Peter hired Brandon Casler to work as a stable-boy on afternoons he didn’t have football practice, and some weekend afternoons. Brandon’s father had sold his fallow farm and moved into town, taking over Crossroads Diner after Fat Doug died—heirless—of complications from a stroke. Mr Casler worried about Brandon getting into ‘too much trouble’ and tried to keep him occupied when the diner was open and Brandon was out of school. Brandon was basically a decent young man but he was dangerously good looking to be walking around with a teenager’s libido in a small town. Mr Casler wanted Brandon to go to college, and figured it was a race between graduation and impregnation for his son. Brandon didn’t mind playing football, as it impressed his female classmates—though any boy in acceptable health with a mild inclination could make the team: Brandon’s athletic skills matched well with the rest of the lousy secondary. Brandon didn’t mind working for Peter and looking after Blackie, either, because it helped him get a little bit of money to treat a young lady to a movie at the Sloope Valley Mall or maybe even get Kevin at the body shop to score him some beers. Brandon didn’t think much of Peter, but neither did he think ill of him. Brandon laughed to himself that with all the time Peter spent making sure he was getting his money’s worth out of Brandon, the farmer could’ve done the stable work himself.
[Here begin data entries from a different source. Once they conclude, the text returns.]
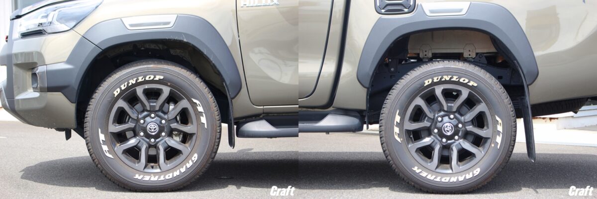 ですが、コチラの画像はリフトアップ後のハイラックスなんです!!
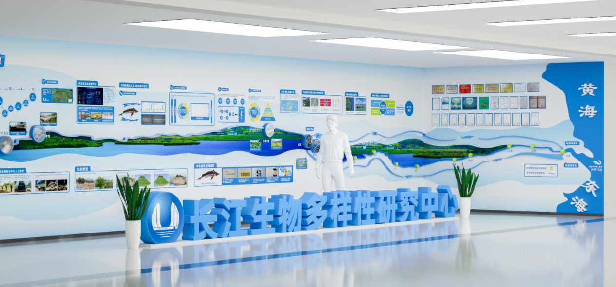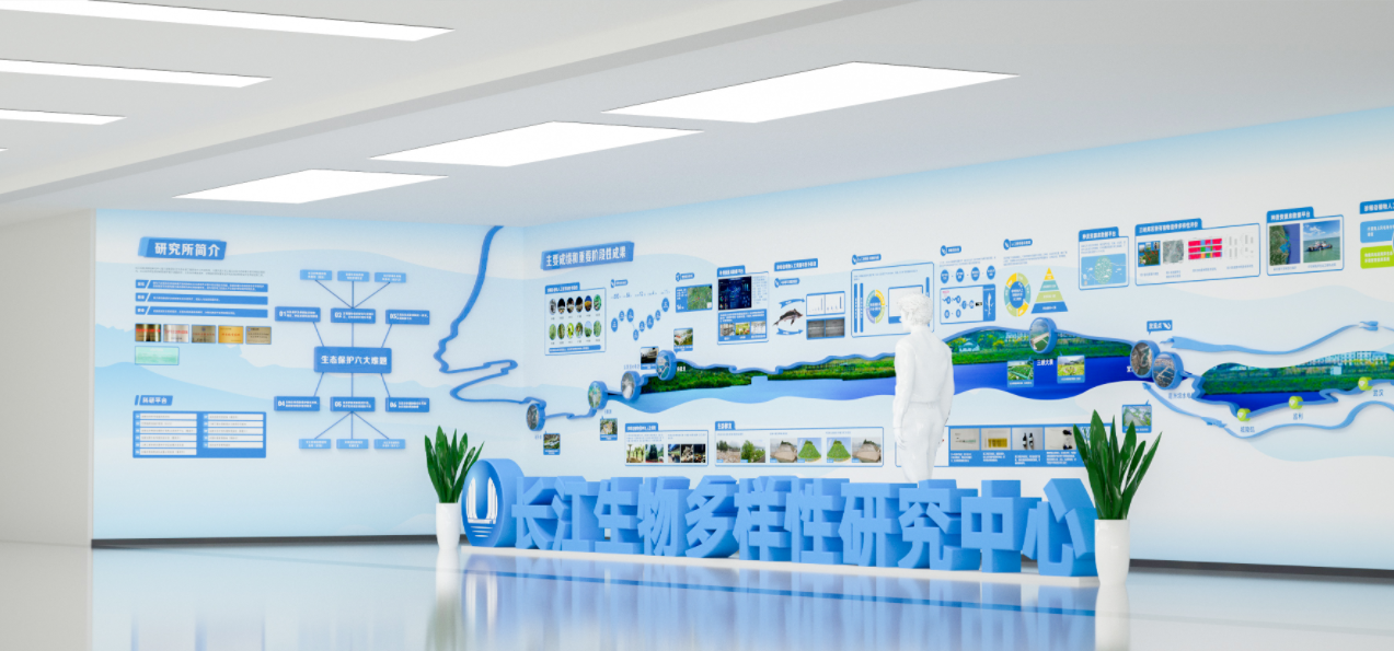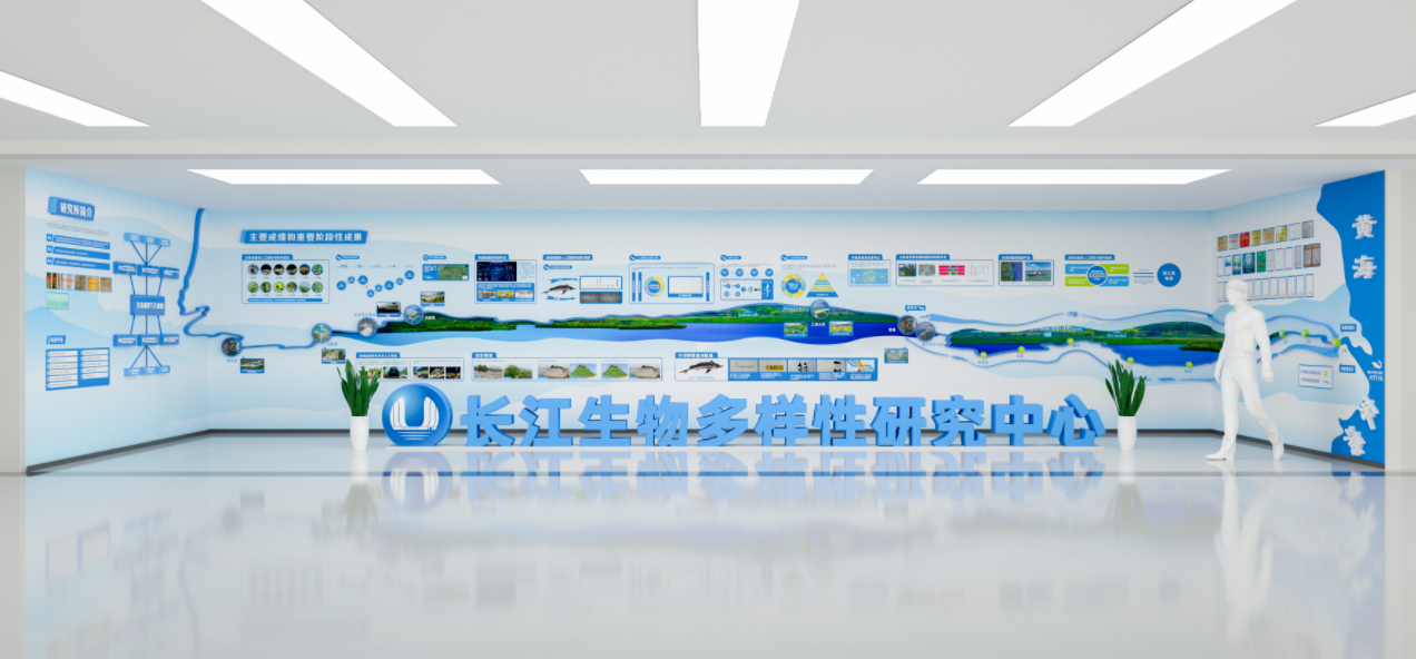 项目背景:长江生物多样性研究中心是三峡集团长江生态环境工程研究中心内设机构,主要负责水利工程与水生生态环境协调可持续发展研究、长江经济带生物多样性保护重大课题研究,以及生态修复技术、珍稀濒危物种繁育技术和生物多样性保护技术研发等工作。艾的尔品牌设计承接其文化墙设计,与客户深入沟通后,决定整体形式以长江流实际流向为主轴,展示生物多样性中心基地分布、重要科研和技术成果等,受到客户的一致好评。
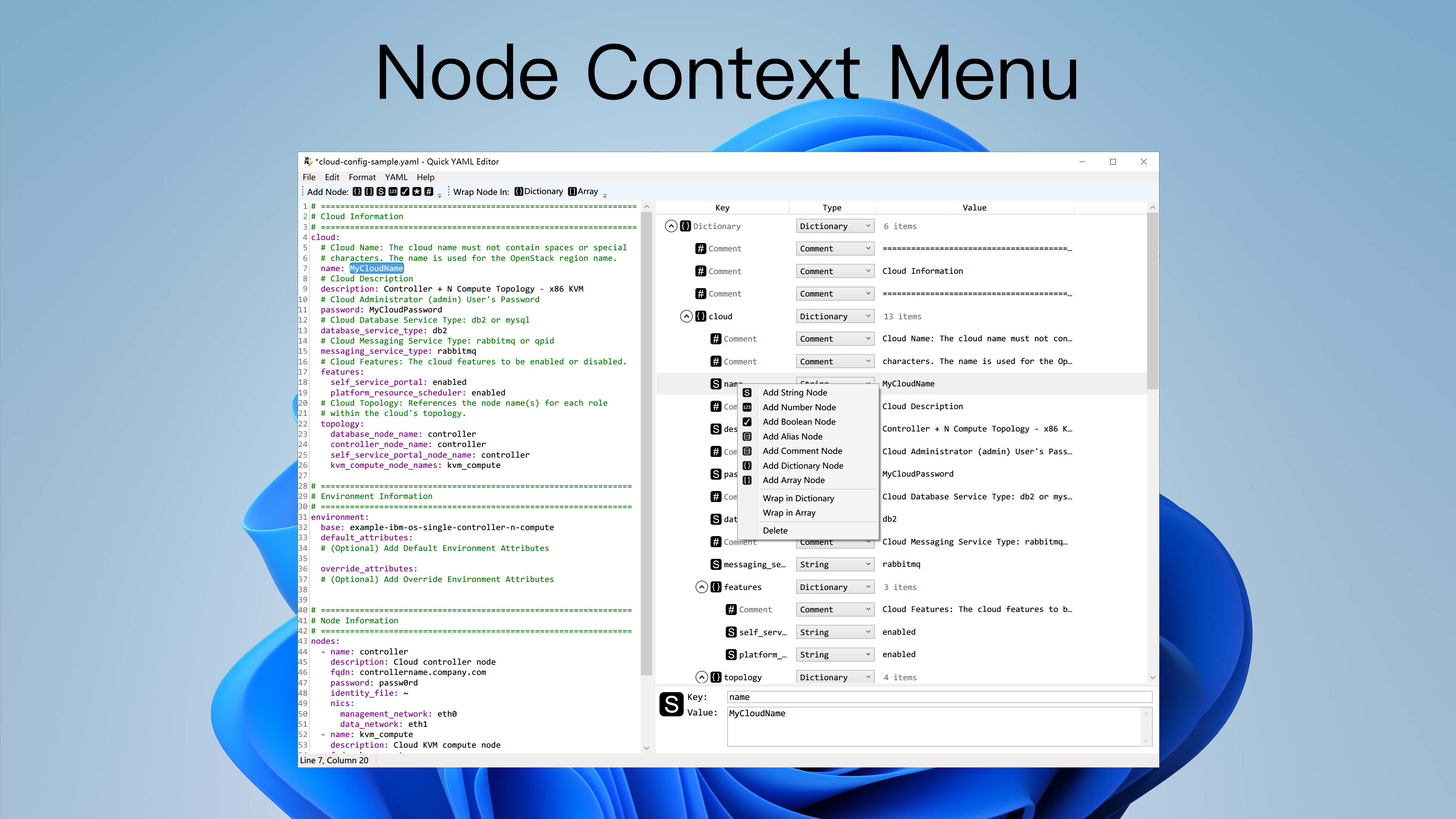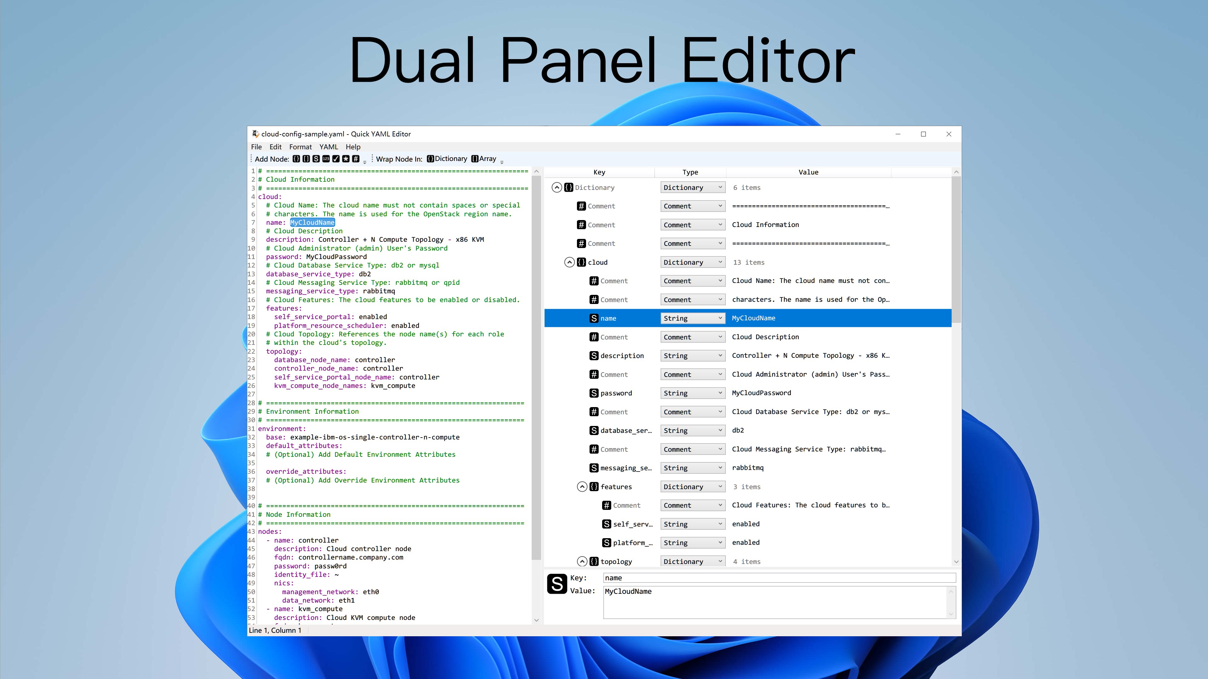 Quick YAML Editor is a powerful YAML editor for Windows. It comes with a Visual Tree View of the YAML structure and can promptly check YAML formatting issues, also it can convert from and to PLIST, JSON formats files.

He could see that his boss felt apprehensive about the horse but didn’t understand why; Brandon thought Blackie an admirable creature even if, for some reason, he could never coerce the creature into letting him ride. He helped Blackie get his exercise in the pen. He thought the horse could be let loose and called back reliably, but Peter didn’t want him to do it. Brandon wasn’t sure why Peter seemed worried about a horse getting loose that he seemed to have no use for to begin with, but he accepted the eccentricity of the situation and forgot about it. He did, however, drop the reins whenever Peter was out of sight; Blackie never gave any indication that he would run without being given permission.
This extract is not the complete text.